The AI Disaster Impedes Creativity and Originality, which are Bedrocks of Human Connection.

by | Apr 22, 2023 | Editor's Muse, Faith & Logic, Opinion, Think Piece | 0 comments

As a copywriter, I have had such a beautiful experience of using AI to brainstorm and learn.

I used ChatGPT to optimize my content for search and sometimes to create a skeleton for social media campaigns. If you are in a creative block, you could get a kickstart with AI.

I have seen AI prompt my emails and lead me to say appropriate words to the recipient when I wasn’t too sure what to say.

As a researcher, I have used AI to improve my knowledge of data analytics, tableau, religion, and other complex research questions. I recently learned more about net-zero buildings and improving climate finance for housing in Africa. Google’s Bard AI gave me even more invaluable insights regarding steps to building a valuable advocacy for housing and climate finance. If I were to be writing a comparison between ChatGPT and Bard, I would say each of them could potentially make you smarter and improve your learning. This is because they are designed to explain and narrate information built on a database that your brain might not be able to tap into as they do.

With Machine Learning, AI tools will become increasingly adept at predicting what should be said about a topic and there are a lot of benefits to this. When you combine this power with the accessibility of mobile apps, you are talking about endless possibilities.

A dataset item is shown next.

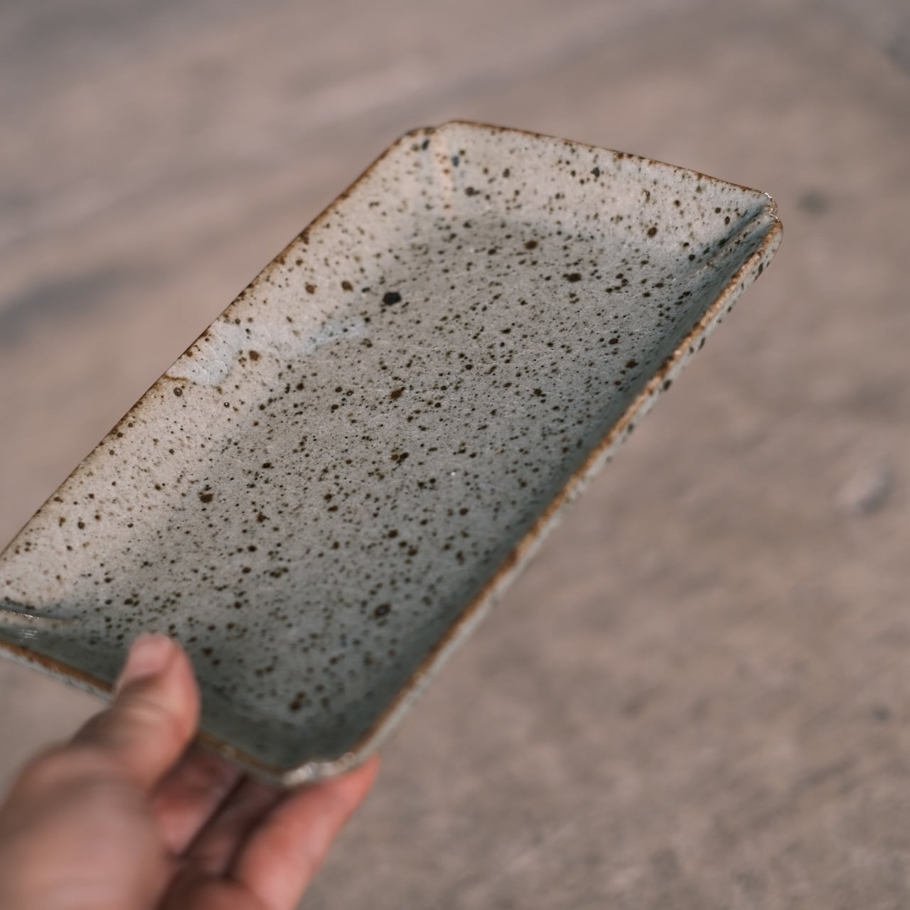 シンプルな長角皿も、隅入りのデザインですっきりとした印象に。

However, I have also hit a bit of a snag while using these apps. Without even debating the ethical issues for academics and researchers, the factual unreliability of ChatGPT, and many other explicit reasons for caution, we might need to consider the human intelligence at risk.

While writing a piece of content for a client, I find myself wondering what would AI have said. This thought quickly develops into me wondering if it even matters that I write my own ideas first before generating new ones with AI. What if I just let AI do the work and then I edit it to sound like mine?

While this sounds like a beautiful proposition, I have a huge debate going on in my head. Is the client paying for me to improve on AI? Or have they trusted me all these years because of the authenticity with which I write?

What about the many approaches that I could have taken to each sentence or phrase. While AI is almost certain to tackle each task in a particular manner based on the code and data it has, humans are unpredictable. As a writer, creating stories and content for businesses has always been an unpredictable journey for me. It could be after a fine breakfast and mind blowing orgasm, that a fresh idea comes to my writing. It could be the cool breeze of the day and how sated and content I am with life that inspires my thoughts. It could be my discontent and anger that leads how I tell a story. Each piece has its own unique signature and adds to the beauty and diversity of life.

In many ways, originality stems from my interaction and connection to the world around me. Infusing these emotions and personality into my work, makes it organic and heartfelt. It’s in those moments when I am able to put myself in the shoes of the customers, who are real people with real experiences, that my words find colour and vibrance. Now that I am going to let AI lead, what happens to all that spontaneity and empathy?

Another major question that has been bugging me is the issue of convergence. Gradually, AI becomes fully assistive and might even become capable of saying what you think you want to say. Because it sounds neat and nifty, you have no objections. Ten years down the line, you are basically communicating with your world as AI. Your friends and family are interacting with AI’s responses to their feelings and emotions. Where do you draw the line? How would you be able to tell the difference between what you are thinking and what AI has simply prompted you to think?

When the AI in my emails suggests to me that I should say things, I wonder if accepting the prompting doesn’t take away something of who I am. The errors and inconsistency of speech, the struggle to articulate, the need to be heard and understood, the desire to express feelings of love, empathy, compassion and anger. These are all stripped away and replaced with a bland meal of artificially created carbohydrates and plastic proteins. It tastes real and perfect but I am gradually becoming something else. It feels like my intelligence is being babysat by a robot that doesn’t know when to stop and give someone a hug.

What if we all start to have the same thoughts and approaches to problems. We all aren’t often so dissimilar. Already, we get tied into stereotypes and biases that make us act based on social conditioning. It can be disappointing when you see a person playing to the dictates of predictable stereotypes and societal expectations. You want to just shake them and ask that they wake up to be original. AI is at the risk of introducing even more predictability and sameness to how humans behave and think. By relying on Artificial intelligence to learn from our input, we all contribute to this big brain that then goes on to help us predict responses and thoughts. Because of how accurate it’s going to sound at some point, everyone might just be plugged into the same singular way of thinking which is a major marker of the Singularity. Whether the Singularity would lead to a world where everyone is happy, agreeable, contented, and equal or it will become a world where humans go extinct, no one knows.

However, l must point out at this point that when I started out this essay, I wasn’t thinking about the singularity. But as I continued to weave my thoughts around the issues I have seen with AI, I came to a conclusion that pointed at this concept. I asked Bard AI to explain the singularity and it fits perfectly with the disaster I have spent this essay trying to articulate. If AI is going to be the end of human connections and originality, it might also be the end of the human race and intelligence.